### DIRECTIONS FOR THIS TASK
Print out the full material below, exact in every line, with no images included.

### DATA SEGMENT
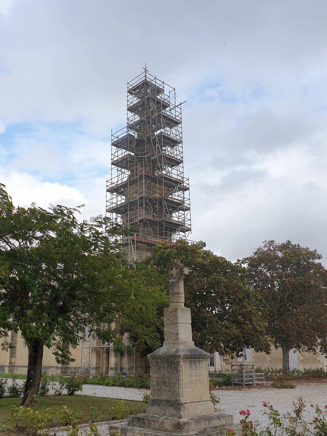 Montage et démontage d'un échafaudage pour la réfection du clocher de l'église de Blaignan prés de Lesparre Médoc
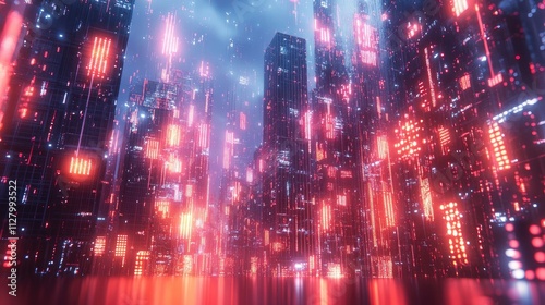 city, futuristic, neon, night, light, skyscraper, building, urban, technology, digital, glow, red, blue, modern, architecture, abstract, fantasy, science, fiction, vibrant, bright, illuminated, electric, energy, scene, view, street, landscape, background, illustration, design, graphic, art, concept, future, advanced, progress, innovation, development, atmosphere, environment, dark, sky, rain, particle
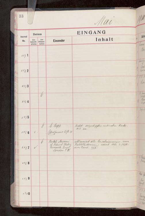 V176 Senckenberg Gesellschaft für Naturforschung, 682 - Journal der eingegangenen und ausgegangenen Briefe
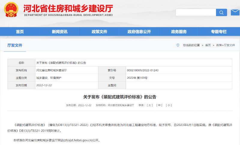 2023年6月1日開始執(zhí)行新的《裝配式建筑評價標(biāo)準(zhǔn)》DB13(J)T8321-2022

### RESULT FOR THIS EXERCISE
 Montage et démontage d'un échafaudage pour la réfection du clocher de l'église de Blaignan prés de Lesparre Médoc
 city, futuristic, neon, night, light, skyscraper, building, urban, technology, digital, glow, red, blue, modern, architecture, abstract, fantasy, science, fiction, vibrant, bright, illuminated, electric, energy, scene, view, street, landscape, background, illustration, design, graphic, art, concept, future, advanced, progress, innovation, development, atmosphere, environment, dark, sky, rain, particle
 V176 Senckenberg Gesellschaft für Naturforschung, 682 - Journal der eingegangenen und ausgegangenen Briefe
 2023年6月1日開始執(zhí)行新的《裝配式建筑評價標(biāo)準(zhǔn)》DB13(J)T8321-2022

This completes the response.